Gleiches gilt für Erfindungen, die sich auf KI-gestützte Technologien beziehen, die zu einer breiten Palette unterschiedlicher Verbesserungen in allen Industriezweigen beitragen, sofern nicht nur eine Blackbox beansprucht wird. Wenn die Anwendung der künstlichen Intelligenz klar definiert und die verwendete künstliche Intelligenz hinreichend offenbart ist, wird Neuheit und erfinderische Tätigkeit des mit der künstlichen Intelligenz erzielten technischen Effekts anerkannt.

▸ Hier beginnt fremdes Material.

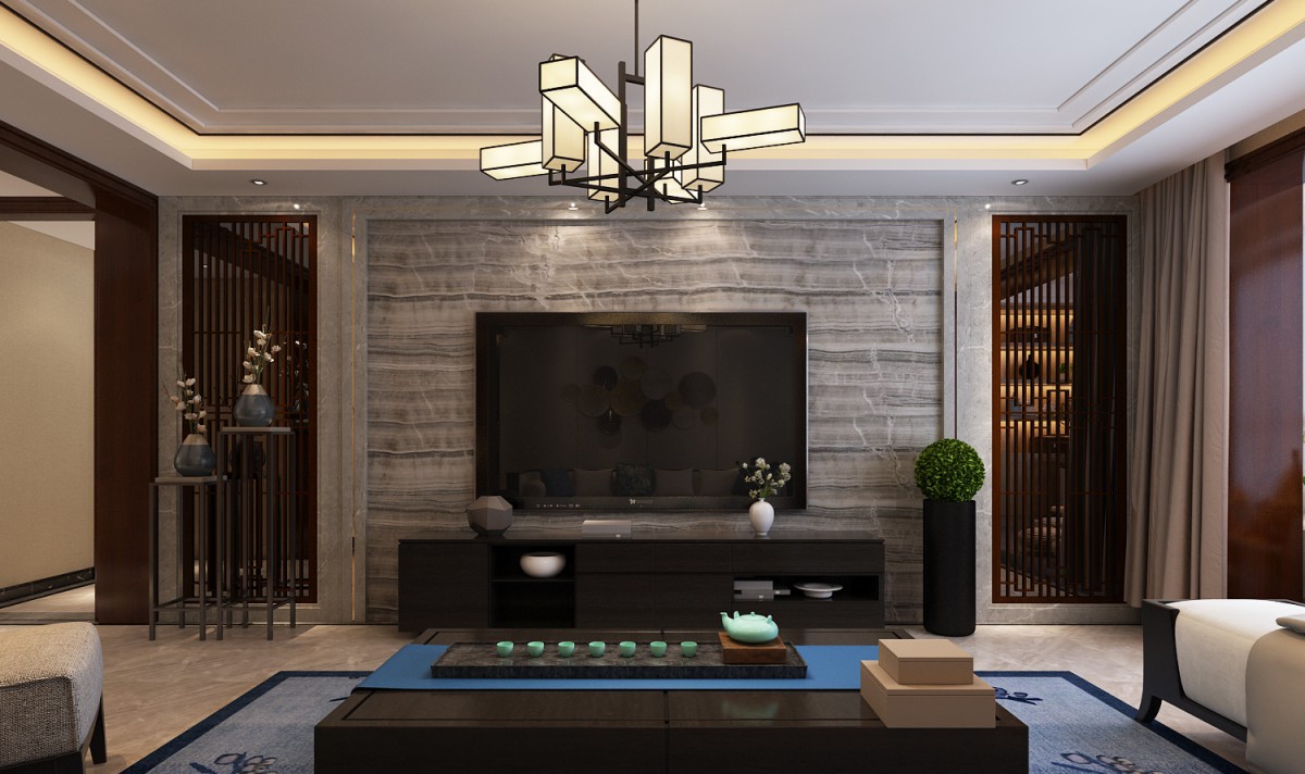 电视背景墙摆脱了常规中式的压抑,将大理石与屏风融合到一起,中西元素的交汇与碰撞,带来了丰富的层次感。电视柜选择了中空设计,对于饰物的摆放起到很好的直观效果。屏风搭配着端景台更有一丝丝中式的质感。大理石的背景墙两侧选择了低调的金色装饰条,美式轻奢就是他了。

Anna Katharina Heide und Tanja Bendele, Patentanwältinnen, Ruhr-IP Patentanwälte, Essen

ZUR PERSON

Anna Katharina Heide leitet die Bereiche Life Sciences und Biotech der Kanzlei Ruhr-IP Patentanwälte. Sie ist zugelassene deutsche Patentanwältin sowie European Patent, Design and Trademark Attorney und vertritt etablierte Unternehmen der Life-Sciences-Branche. Einer ihrer Schwerpunkte sind interdisziplinäre Technologien. Die promovierte Biologin ist sowohl stellvertretende Vorsitzende des Ausschusses für Biotechnologie der Deutschen Patentanwaltskammer sowie des Business-Netzwerks für Managerinnen in den Life Sciences der Vereinigung Deutsche Biotechnologie-Unternehmen (VBU).

ZUR PERSON

Tanja Bendele ist Gründungspartnerin der Kanzlei Ruhr-IP Patentanwälte und leitet die Bereiche Chemie und Pharmazie sowie die zugehörigen Bereiche Life Sciences, Medizintechnik, 3D-Technik und Verfahrenstechnik. Sie vertritt internationale Konzerne sowie deutsche, mittelständische Unternehmen. Die promovierte Chemikerin ist deutsche Patent­anwältin und European Patent Attorney und studiert E-Technik. Sie ist Vorstandsmitglied der Patentanwaltskammer, Vorsitzende des Ausschusses für Patent- und Gebrauchsmusterrechtgesetz der Patent­anwaltskammer sowie Vorstandsmitglied der Deutschen Vereinigung für gewerblichen Rechtsschutz und Urheberrecht (GRUR), Bezirksgruppe West.